• Exercise aim:
Before you return the lines below, strip out any images and keep every word as written.

• Source material:
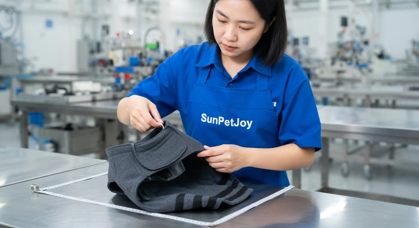 This is our detailed quality inspection where we verify seam strength, strap alignment, and precise dimensions on every finished dog anxiety jacket, guaranteeing consistency and excellence for dependable wholesale distribution.
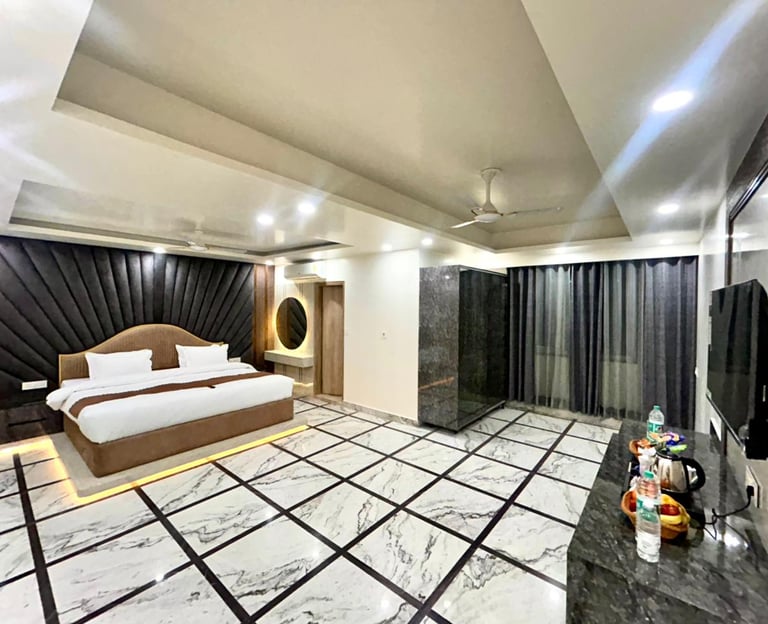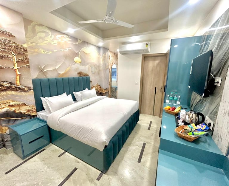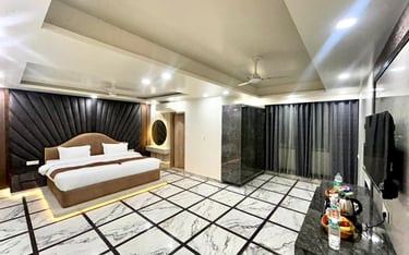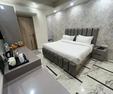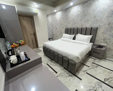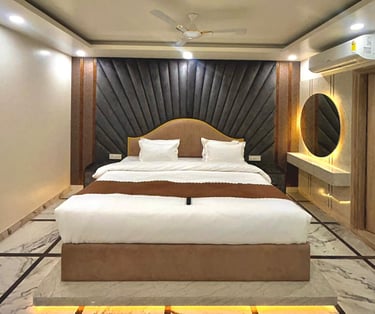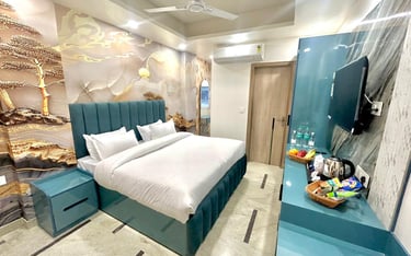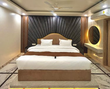 Experience luxury in our Royal Deluxe Room featuring modern amenities, a private washroom, and a comfortable atmosphere for a perfect stay in Karol Bagh, Delhi.
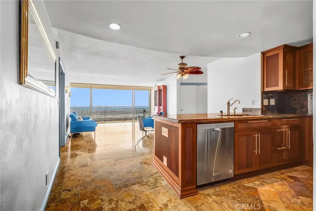 This beautifully maintained 1-bedroom, 1.5-bath residence features high-quality finishes throughout, including custom cabinetry with intelligent soft-close doors and expanded storage, granite countertops, stainless steel appliances, and timeless travertine flooring. The primary bathroom showcases artistic designer ceramic tile work. Floor-to-ceiling sliding glass doors maximize natural light and frame the spectacular ocean views, while an easy-to-operate shade system lets you adjust the light for comfort and ambiance. The spacious bedroom includes a custom closet and mirrored accents.

• Completed exercise:
 This is our detailed quality inspection where we verify seam strength, strap alignment, and precise dimensions on every finished dog anxiety jacket, guaranteeing consistency and excellence for dependable wholesale distribution.
 Experience luxury in our Royal Deluxe Room featuring modern amenities, a private washroom, and a comfortable atmosphere for a perfect stay in Karol Bagh, Delhi.
 This beautifully maintained 1-bedroom, 1.5-bath residence features high-quality finishes throughout, including custom cabinetry with intelligent soft-close doors and expanded storage, granite countertops, stainless steel appliances, and timeless travertine flooring. The primary bathroom showcases artistic designer ceramic tile work. Floor-to-ceiling sliding glass doors maximize natural light and frame the spectacular ocean views, while an easy-to-operate shade system lets you adjust the light for comfort and ambiance. The spacious bedroom includes a custom closet and mirrored accents.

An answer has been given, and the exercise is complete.